Representing normative Muslim culture in the media is the responsibility of the community, not the mainstream media. We have to focus on creativity not protest to create the change.
By Ibraheem Ali
The issue of authentic media representation has been in the hearts and minds of many minority communities who live in the west, especially in the midst of movements like BLM. The Muslim community are no strangers to the discussion, especially in the decades of the ‘war on terror’ and fear mongering media campaigns.
For the longest time, our choices of ambassadors or icons in the media landscape have been very slim and negative. There’s the disgruntled Arab on a crusade against “freedom”, the repressed hijabi longing to escape her cruel, traditional family, or the angsty blacksheep looking for acceptance in his bigoted society. All of them inaccurate, lazy and toxic stereotypes, and yet loved by mainstream producers and channels.

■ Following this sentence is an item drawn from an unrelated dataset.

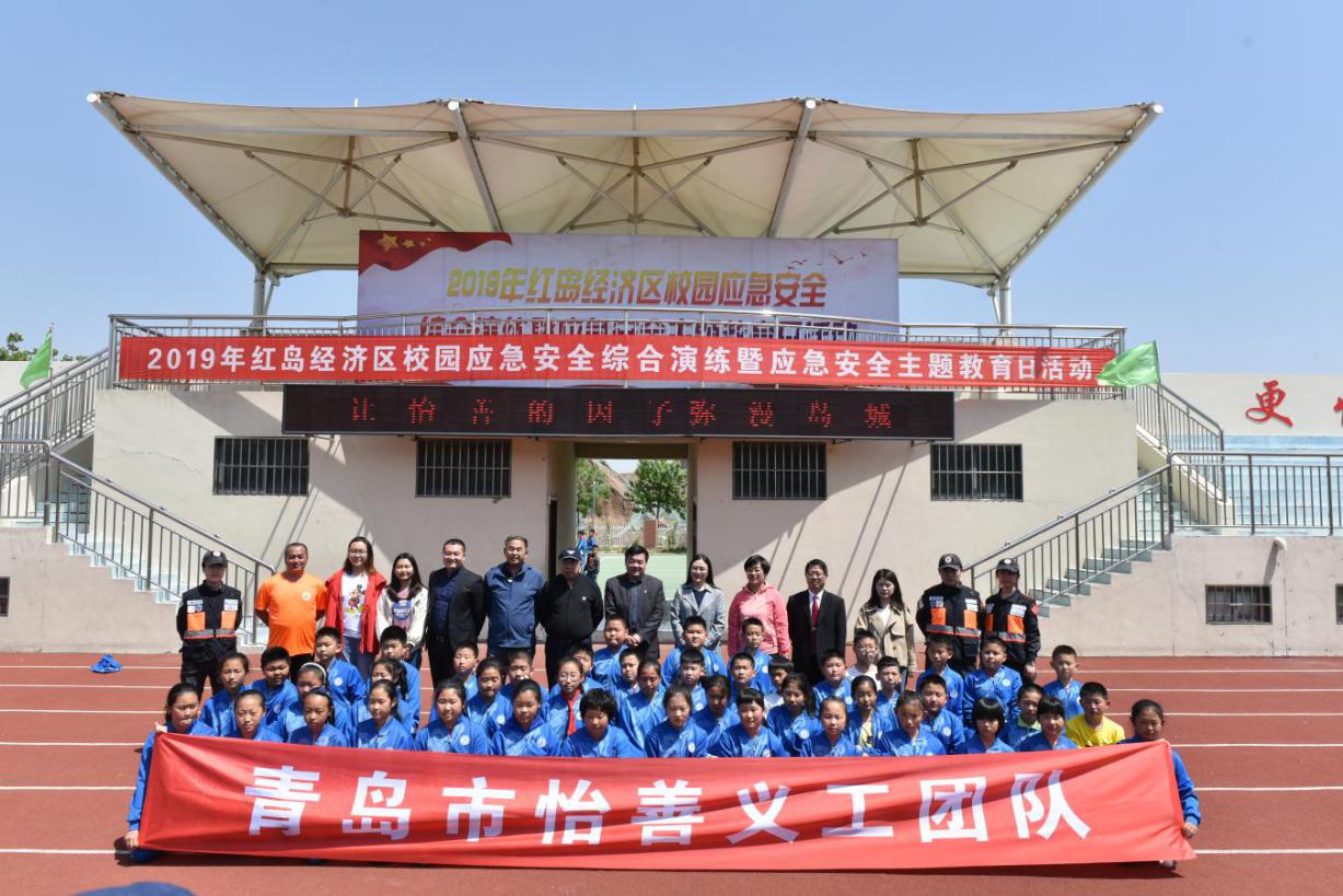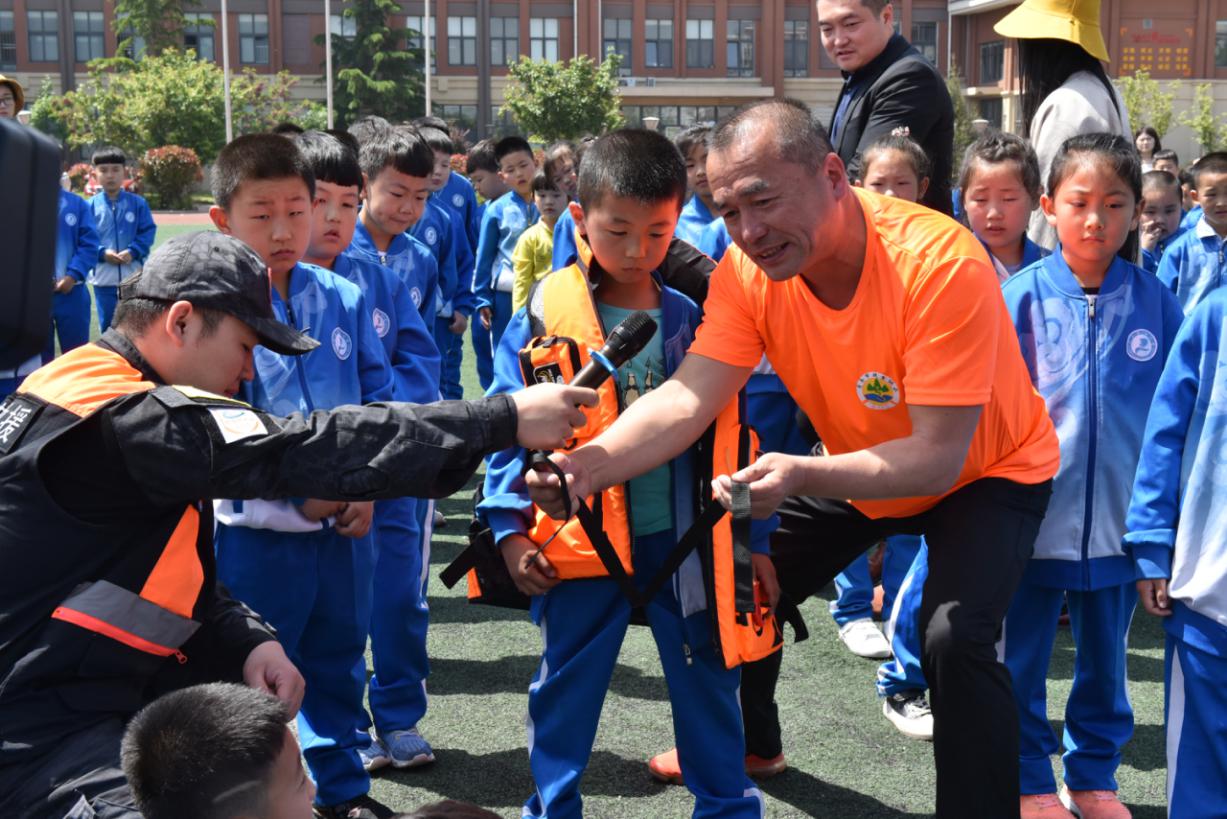 青島市救生協(xié)會的志愿者為紅島中心小學(xué)的師生們

None of these cliched caricatures really reflect our community. None of them honour or speak to our values and all of them are condescending and offensive. Yet here we are in the year 2021, still dealing with outdated and damaging narratives. In as much as we can point the finger at failing media institutions, we have more than enough blame to carry upon our shoulders. For years we’ve delegated our cultural representation to those who have no interest in or understanding of what it means to be a Muslim. Not surprising that it’s been a ‘turn off’ disappointment. We’ve complained, petitioned, and argued instead of asking ourselves “why don’t we just do it ourselves?”.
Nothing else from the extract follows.